Principal Investigators: Luigi Notarangelo, MD; David Williams, MD; Jerome Ritz, MD. 

  • Gene Therapy for patients with Wiskott Aldrich Syndrome (WAS): An open labelled, non-randomized, single center, pilot and feasibility, single arm cohort study involving a single infusion of autologous CD34+ cells transduced with the Lentiviral vector containing the human WAS protein gene (w1.6_hWASP_WPRE (VSVg)) in up to 5 patients with WAS. The CMCF prepared the cellular components for gene transfer using ex vivo culture and viral vector transduction.

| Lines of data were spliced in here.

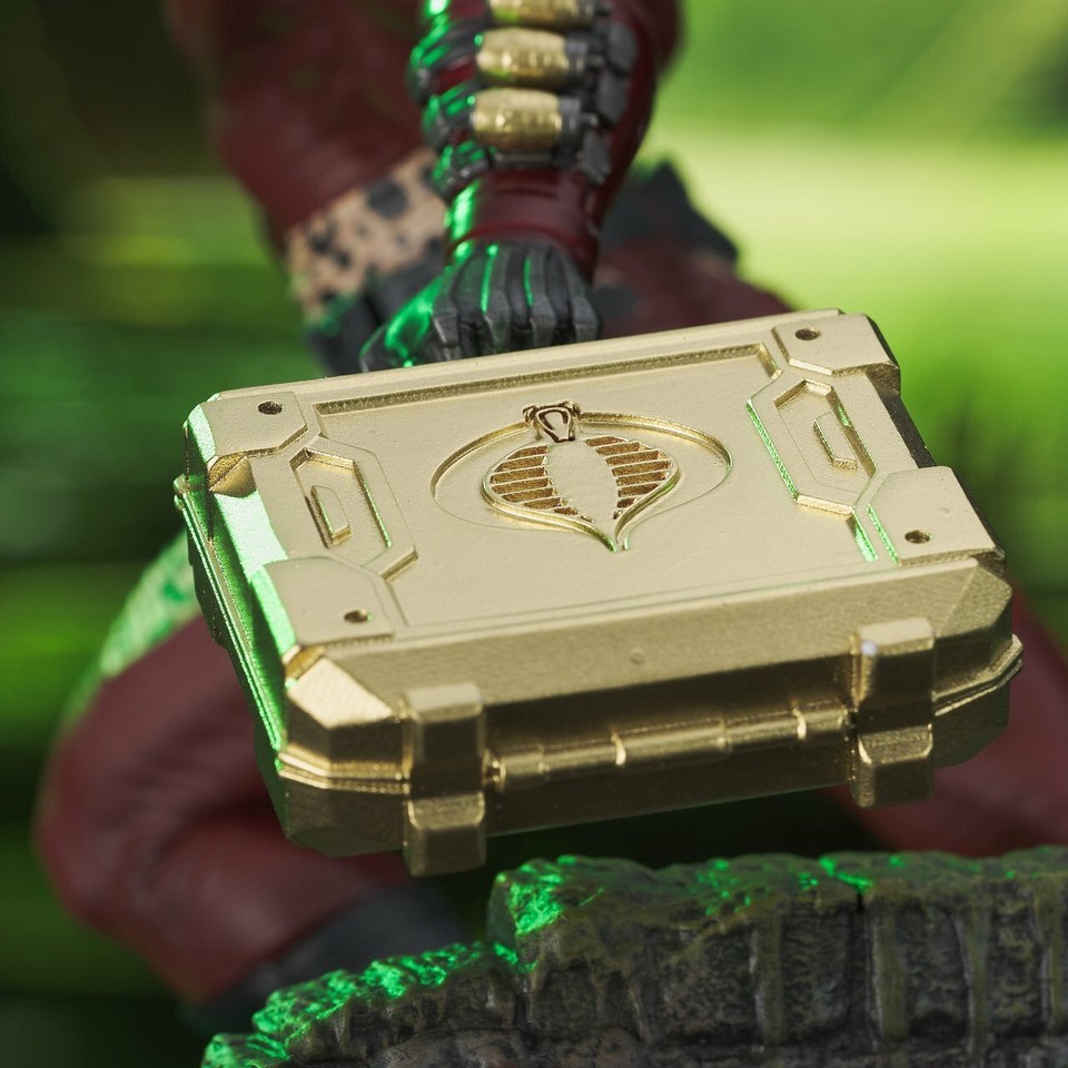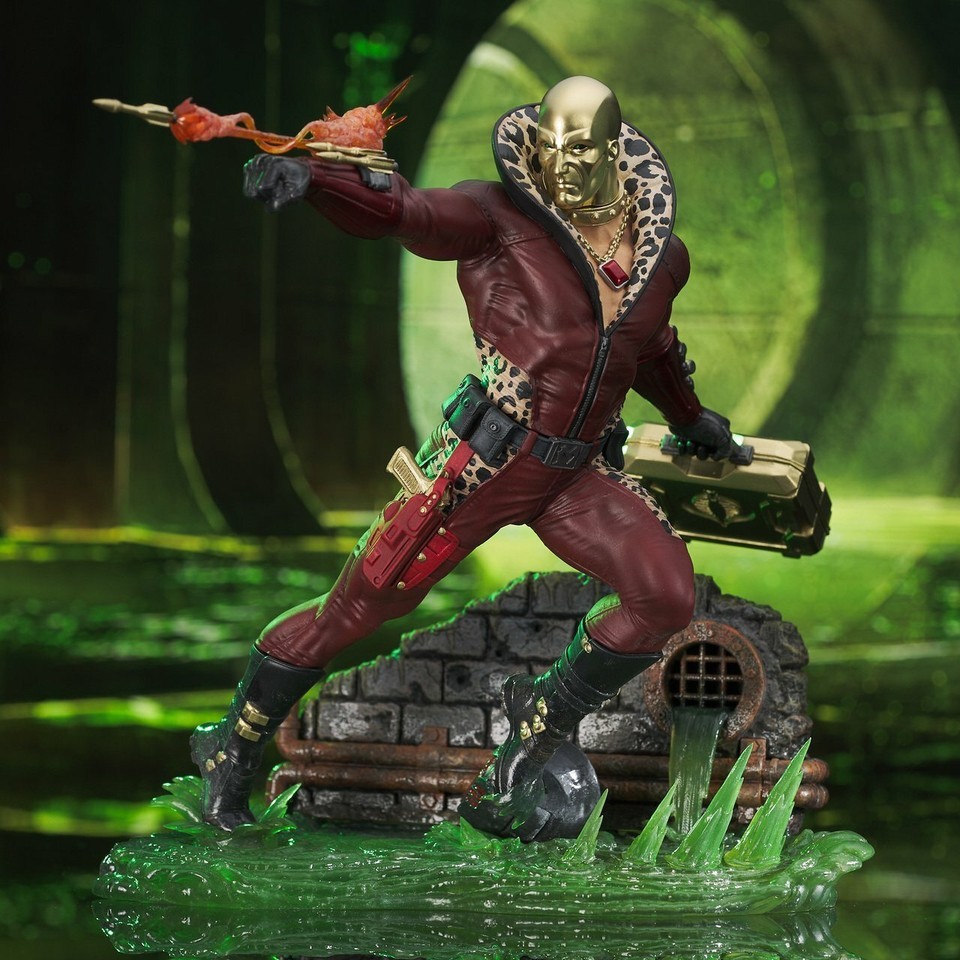 Profits are up, and MARS CEO Destro has a whole new look! As owner of his own weapons manufacturing company, Destro is one of COBRA's key members, and likes to look the part. His latest purchase is this sweet new ensemble for important business meetings and wild nights on the town! With leopard-print trim, this new look is exclusive to this Showcase-edition Gallery Diorama of Destro firing his wrist missiles and running through the sewers after a deal gone wrong. This sculpture stands approximately 10 inches tall, is made of high-quality PVC and features detailed sculpting and paint applications. It comes packaged in a full color window box.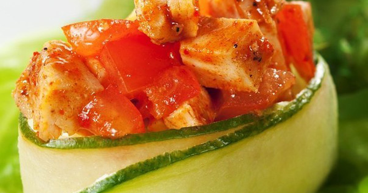 - Поджарить куриное филе на раст.масле, нарезать его маленькими кубиками. Помидор нарезать маленькими кубиками. Лук измельчить. Всё смешать с соусом, приправить по вкусу. Из огурца нарезать тонкие полоски, свернуть их, выложив начинку.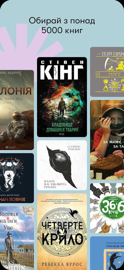 В приложении доступно уже 900+ аудиокниг и 5000 электронных книг на украинском языке, в том числе эксклюзив от издательств. Ассортимент книг постоянно обновляется.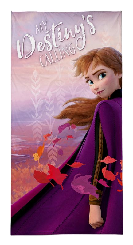 Detská osuška s obľúbeným motívom Ľadové Kráľovstvo 2 Anna je vyrobená v rozmere 70x140 cm z bavlneného froté. Plážová osuška má farebnú tlač len z jednej strany. Z rubovej stany sú biele froté slučky, ktoré veľmi dobre sajú.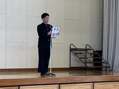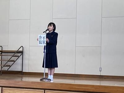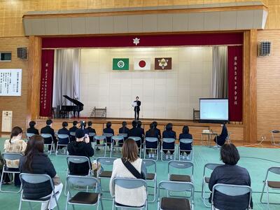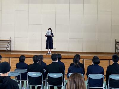 本校では、『立志の集い』と題して、これからの目標を4字の熟語で表現し、決意を述べる形で実施しました。それぞれがしっかりと自分と向き合い、これからの目標を保護者の前で立派に宣言する]ことができました。

Principal Investigator: Sung-Yun Pai, MD
Sponsor: David A. Williams, MD
Coordinating Center: Children’s Hospital Boston

Manufacturing of biochemically engineered implantable tumor vaccines

  • WDVAX melanoma protocol (IND pending): A Phase I Trial of a Dendritic Cell Activating Scaffold Vaccine (WDVAX) Incorporating Autologous Melanoma Cell Lysate in Metastatic Melanoma Patients. The CMCF prepares the tumor vaccine, conducts release testing, and manufactures the vaccine delivery scaffold (WDVAX) according to standards provided by the Wyss Institute for Biologically Inspired Engineering. The CMCF also provided regulatory support in preparing the IND application and clinical trial protocol.

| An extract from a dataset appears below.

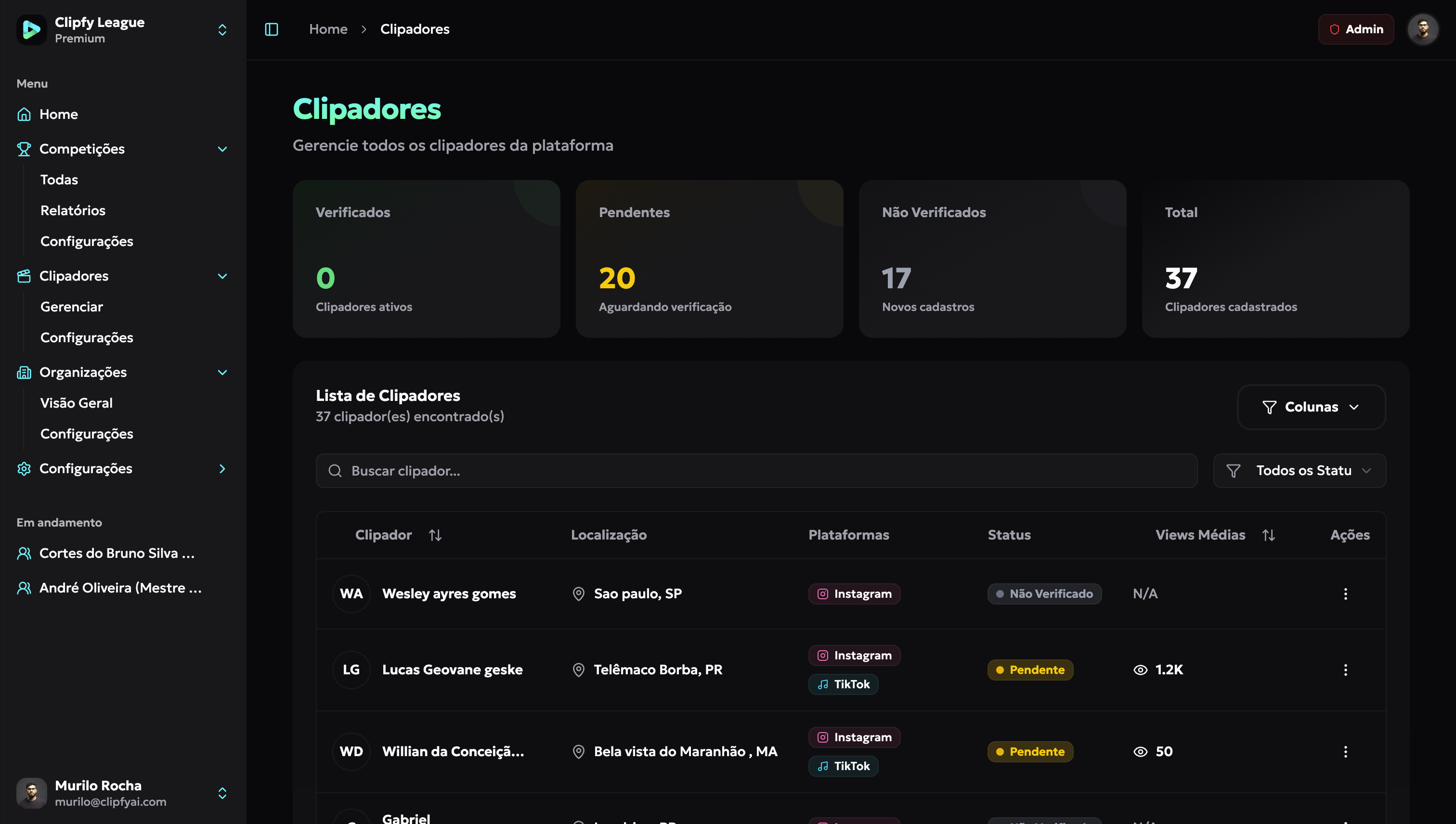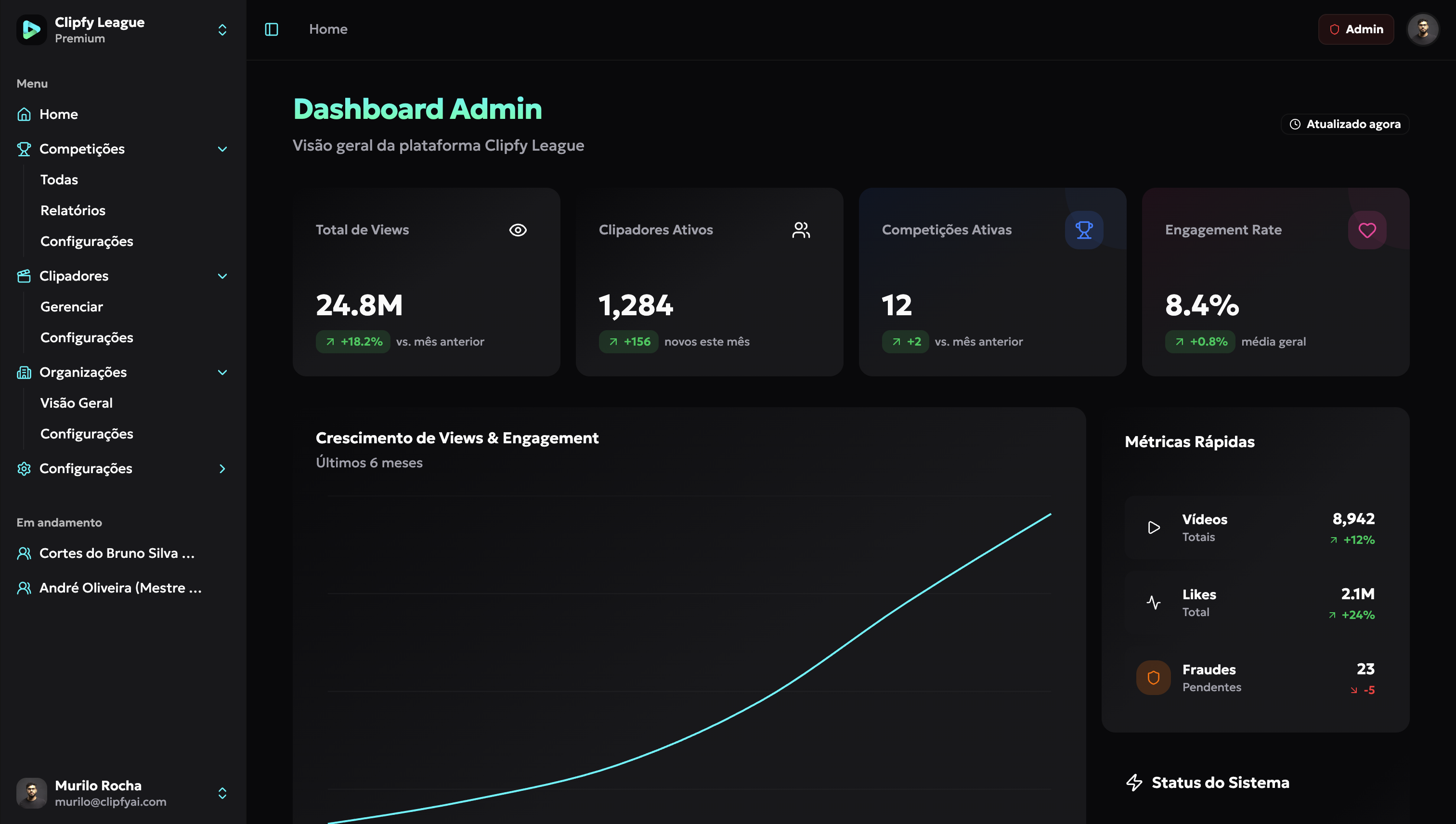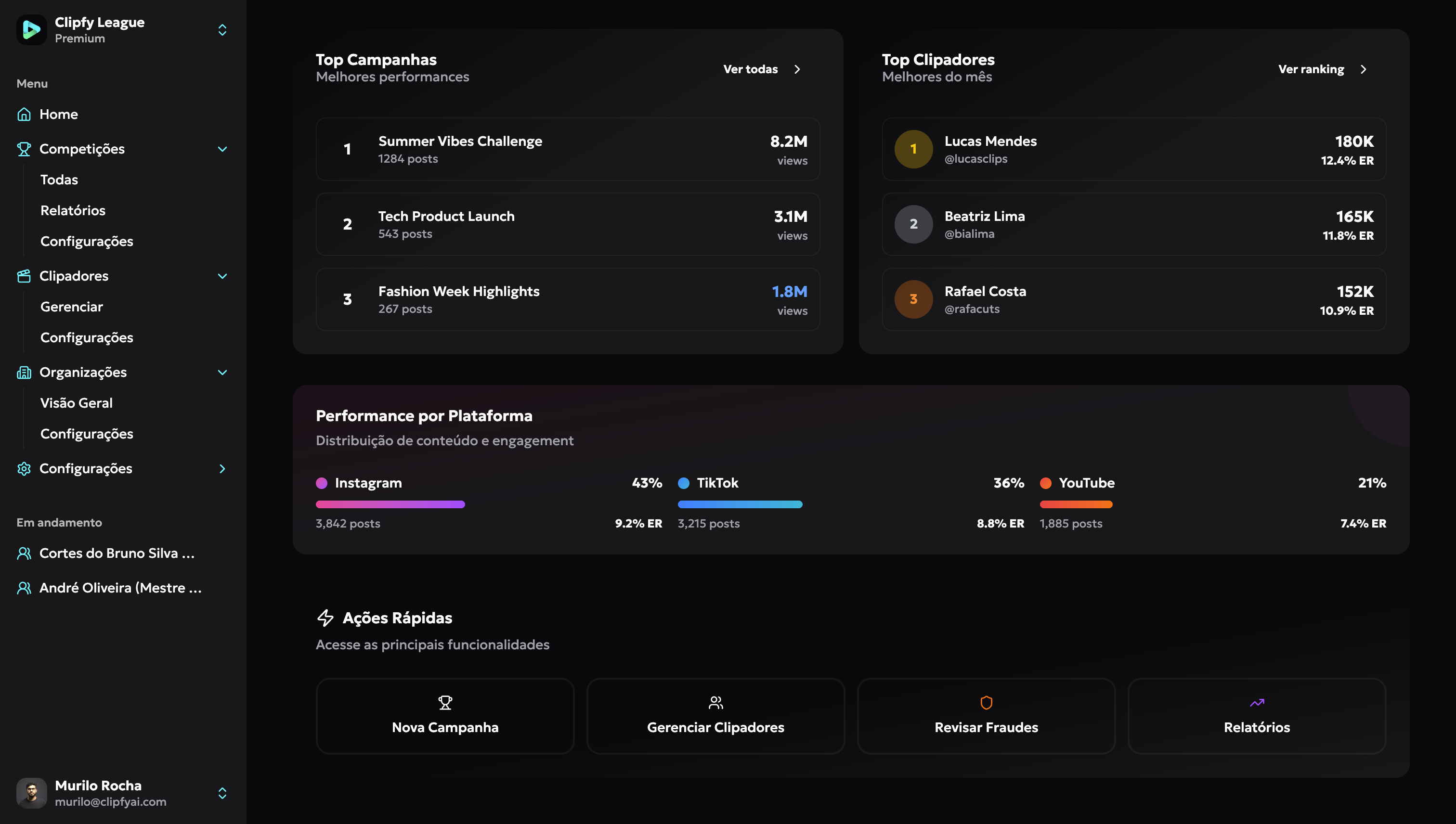 A Clipfy League valida os envios, atualiza o leaderboard, acompanha engajamento e gera relatórios semanais e final.

Principal Investigator: F. Stephen Hodi, MD
IND Sponsor:  Glenn Dranoff, MD
Coordinating Center: Dana-Farber Cancer Institute

Generation of GM-CSF secreting autologous tumor cell vaccines for banking and clinical use

  • GVAX for MDS/AML:  DF/HCC 12-217-BB IND 7248 - A Randomized Placebo-controlled Phase II Trial of Irradiated, Adenovirus Vector Transfected GM-CSF Secreting Autologous Leukemia Cell Vaccination (GVAX) Versus Placebo Vaccination in Patients with Advanced MDS/AML After Allogeneic Hematopoietic Stem Cell Transplantation.

Principal Investigator: Vincent Ho, MD
IND Sponsor: Glenn Dranoff, MD
Coordinating Center: Dana-Farber Cancer Institute

  • K562 Cell Lines: Production of a Working Cell Bank (WCB) of GM-CSF Secreting K562 Cells and Production of a Master Cells Bank (MCB) and Working Cell Bank of K562-RGE Cells for use in Clinical Trials.